Because my life is what I lovingly call… weird… I have sat in a lot of different spaces, and more specifically in a lot of different rooms. Some of this is predicated on privilege: having time to volunteer, a job that has confidence in me (some conferred because of my race and perceived class), and living in a region with diverse events/social options. I frequently sit in activist group homes, fancy offices, ballet studios, IT trainings, conferences (academic, and professional), yoga studios, independent coffee shops, Buddhist prayer rooms, mountain cabins, pagan stores and workshops, and the virtual room of Google hang out.

One of the points Sheryl Sandberg makes in ‘Lean In’ (which, yes I read… long story) is to be sure you ‘sit at the table’ to not enter a room and head to the back, or sit to the side.
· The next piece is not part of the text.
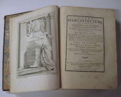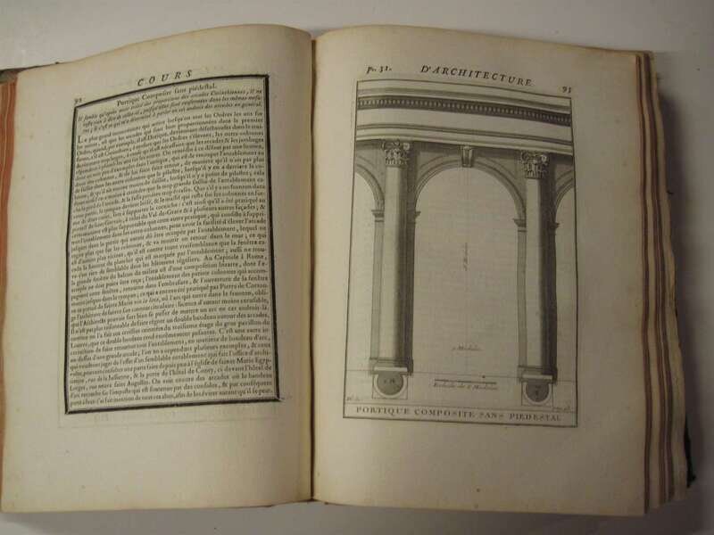 D'Aviler, Augustin Charles. Cours D'Architecture. Paris: Charles-Antoine Jombert, 1760. 4to, mottled calf, worn and scored. Hinges splitting. With engraved title & 154 plates, many folding. Plates generally clean, except for occasional light spotting, 1 plate with closed horizontal tear, 1 with staining.

This of course makes sense for women and other minorities in leadership positions, who should by office standards, be at the ‘table’. Broadening the scope (because the scope of her book is hella narrow) I think the real goal is to sit in many rooms, many different kinds of rooms, and to not always sit in the front.

When I enter each room I try to, or should at least try to be mindful of several things: where is this? what is the time and energy that took me to get here, and is this in an area that I am typically near, is this event supporting the local community, or is this space part of the tide of gentrification. Then who is in the room? Again, is it an all white room? Is it all one age, is everyone straight, or cis? If I keep finding myself in the same rooms, with the same people, with the same demographics, what does that say about my capacity to listen, to be exposed by things other than my comfort zone? Julia Serano discussed in her book ‘Excluded: Making Feminist and Queer Movements More Inclusive’ that our only conceptualization of diversity is different kinds of bodies all liking and saying the same thing. Now I don’t go out and seek out hate groups to hang out with to ‘challenge’… but I do seek out places where not everyone likes my music, visits the same restaurants, or has the same standard hipster blocky glass frames and tattoos. I went to the DC Veg Fest recently and was thrilled to see how diverse the crowd was in age, race, body size, and perceived ‘differentness’ (ie. not just all hipsters, or hippies, but khakis wearers too!). The different organizations tabling also ranged in focus from animal welfare, to clothes, food, and addressing food scarcity. It is a little ‘chicken and egg’ to figure out which came first – the diverse tablers, or the diversity in attendees, but either way it was really exciting.

By sitting in different rooms I am always learning, listening; I get to hear from folks I perhaps wouldn’t normally talk with (when acceptable taking copious notes), I can listen and hear what others are facing, and share my own experiences when appropriate. Until about 2 years ago I realized that my life had filtered so that outside of night school I was never in a position of learning, of being quiet/soaking in a space. I was organizing, I was leading, I was talking and taking up space. These are fine roles, and ones that women are often excluded from, but in only being in the rooms that would have me in the role of speaker, I wasn’t in the stream of learning, or expanding my world view if I kept just re-iterating mine. Sitting at the table or the front of the same room every time does jack for equality.